Re: Avoiding OOM on overcommit...?

From: Andreas Dilger (adilger@home.com)
Date: Fri Mar 24 2000 - 18:58:08 EST


Olaf Weber writes:
> In a similar vein, if a process dies due to SIGXCPU or SIGXFSZ that
> you know it dies because it ran into a cpu or file limit. Yes, I
> would like to have some OS support from an overcommitting OS, so that
> if it decides to kill a process of mine because it ran out memory I
> get SIGXMEM instead of SIGBUS.

If you look at the AIX documentation, they have a signal like this. The
following is quoted from the following URL, and I urge people posting to
this OOM thread to read this document to get a better understanding of
what a system with (optional) no-overcommit behaves like.

http://www.rs6000.ibm.com/doc_link/en_US/a_doc_lib/aixbman/admnconc/pag_space_under.htm

   "The system monitors the number of free paging space blocks and
   detects when a paging-space shortage exists.
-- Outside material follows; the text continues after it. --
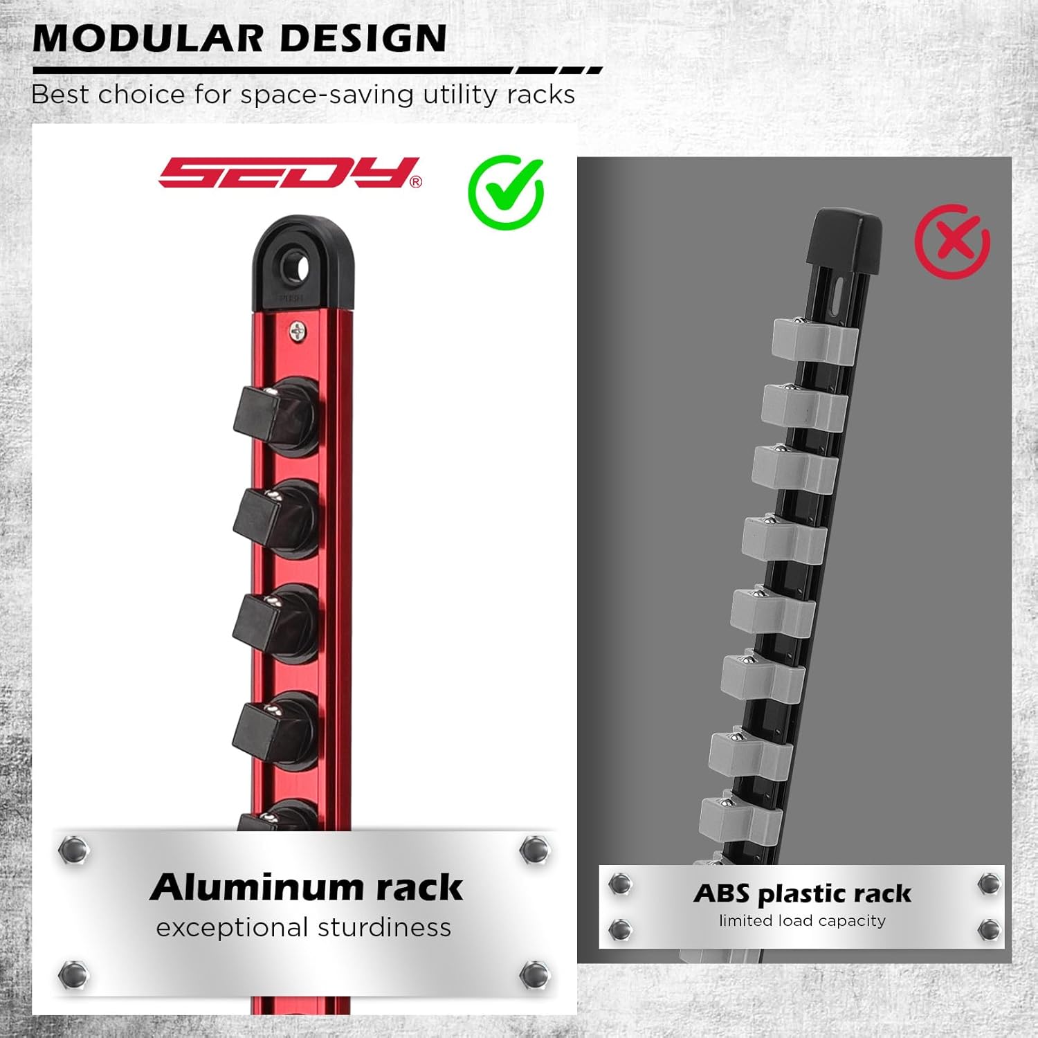 • VERSATILE STORAGE - Magnetic back and hanging holes enable attachment to any metal surface, wall or tool cart this aluminum kit offers a versatile garage storage solution for impact sockets and SEDY-approved organization

When the number of free
   paging-space blocks falls below a threshold known as the paging-space
   warning level, the system informs all processes (except kprocs)
   of this condition by sending the SIGDANGER signal. If the shortage
   continues and falls below a second threshold known as the paging-space
   kill level, the system sends the SIGKILL signal to processes that are
   the major users of paging space and that do not have a signal handler
   for the SIGDANGER signal (the default action for the SIGDANGER signal
   is to ignore the signal). The system continues sending SIGKILL signals
   until the number of free paging-space blocks is above the paging-space
   kill level."

Those advocates of "no OOM possible" implementations should read the part:

   "The AIXwindows server currently requires more than 250MB of paging space
   when the application runs in early allocation mode."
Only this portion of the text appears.